Dataset excerpts:
════════════════════
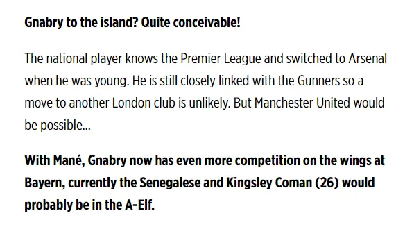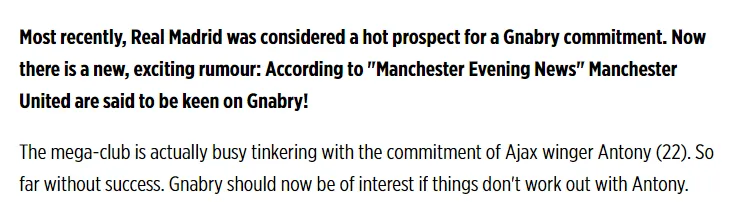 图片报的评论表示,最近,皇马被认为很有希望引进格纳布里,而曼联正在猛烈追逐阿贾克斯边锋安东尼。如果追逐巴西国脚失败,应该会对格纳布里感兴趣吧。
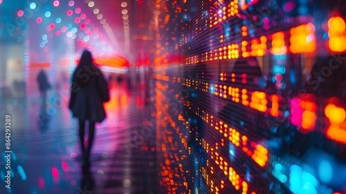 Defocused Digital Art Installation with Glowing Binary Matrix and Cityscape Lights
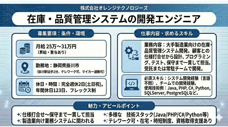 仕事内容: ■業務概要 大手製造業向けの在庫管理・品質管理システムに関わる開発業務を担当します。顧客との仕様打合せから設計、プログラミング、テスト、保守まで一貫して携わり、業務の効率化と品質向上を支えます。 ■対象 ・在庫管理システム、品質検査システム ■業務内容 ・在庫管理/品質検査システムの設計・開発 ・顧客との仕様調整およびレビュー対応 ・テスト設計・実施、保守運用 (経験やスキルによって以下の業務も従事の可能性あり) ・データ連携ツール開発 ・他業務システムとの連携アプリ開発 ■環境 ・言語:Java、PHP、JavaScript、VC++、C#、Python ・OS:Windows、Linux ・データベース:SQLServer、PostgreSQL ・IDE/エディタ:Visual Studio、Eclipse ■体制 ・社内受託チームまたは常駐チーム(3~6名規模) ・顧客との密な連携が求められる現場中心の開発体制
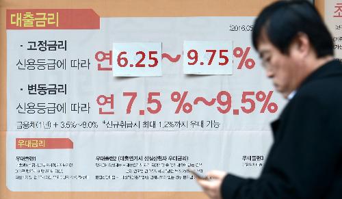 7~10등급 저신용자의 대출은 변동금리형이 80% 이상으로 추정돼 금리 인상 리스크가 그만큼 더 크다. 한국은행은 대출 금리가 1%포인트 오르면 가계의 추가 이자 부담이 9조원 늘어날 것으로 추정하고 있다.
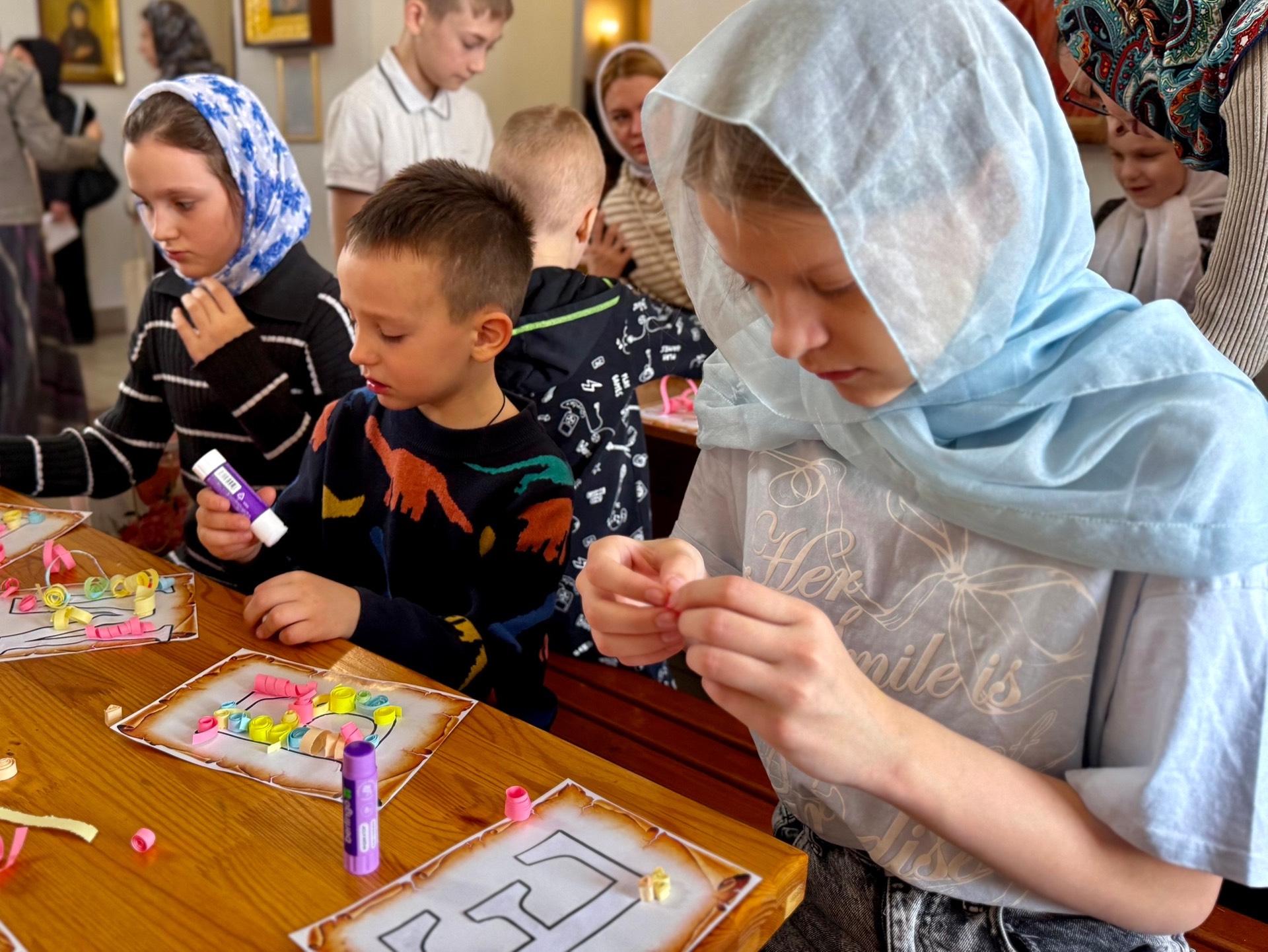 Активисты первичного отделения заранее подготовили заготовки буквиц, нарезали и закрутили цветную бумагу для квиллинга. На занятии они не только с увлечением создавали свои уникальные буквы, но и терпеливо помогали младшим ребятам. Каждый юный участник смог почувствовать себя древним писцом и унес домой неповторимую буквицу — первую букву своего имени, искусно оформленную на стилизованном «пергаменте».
════════════════════
=== Work to be completed ===
In the data above, please extract the lines from the first one through the line with "7~10등급 저신용자의 대출은", exactly, and keep pictures out.

=== Reply ===
 图片报的评论表示,最近,皇马被认为很有希望引进格纳布里,而曼联正在猛烈追逐阿贾克斯边锋安东尼。如果追逐巴西国脚失败,应该会对格纳布里感兴趣吧。
 Defocused Digital Art Installation with Glowing Binary Matrix and Cityscape Lights
 仕事内容: ■業務概要 大手製造業向けの在庫管理・品質管理システムに関わる開発業務を担当します。顧客との仕様打合せから設計、プログラミング、テスト、保守まで一貫して携わり、業務の効率化と品質向上を支えます。 ■対象 ・在庫管理システム、品質検査システム ■業務内容 ・在庫管理/品質検査システムの設計・開発 ・顧客との仕様調整およびレビュー対応 ・テスト設計・実施、保守運用 (経験やスキルによって以下の業務も従事の可能性あり) ・データ連携ツール開発 ・他業務システムとの連携アプリ開発 ■環境 ・言語:Java、PHP、JavaScript、VC++、C#、Python ・OS:Windows、Linux ・データベース:SQLServer、PostgreSQL ・IDE/エディタ:Visual Studio、Eclipse ■体制 ・社内受託チームまたは常駐チーム(3~6名規模) ・顧客との密な連携が求められる現場中心の開発体制
 7~10등급 저신용자의 대출은 변동금리형이 80% 이상으로 추정돼 금리 인상 리스크가 그만큼 더 크다. 한국은행은 대출 금리가 1%포인트 오르면 가계의 추가 이자 부담이 9조원 늘어날 것으로 추정하고 있다.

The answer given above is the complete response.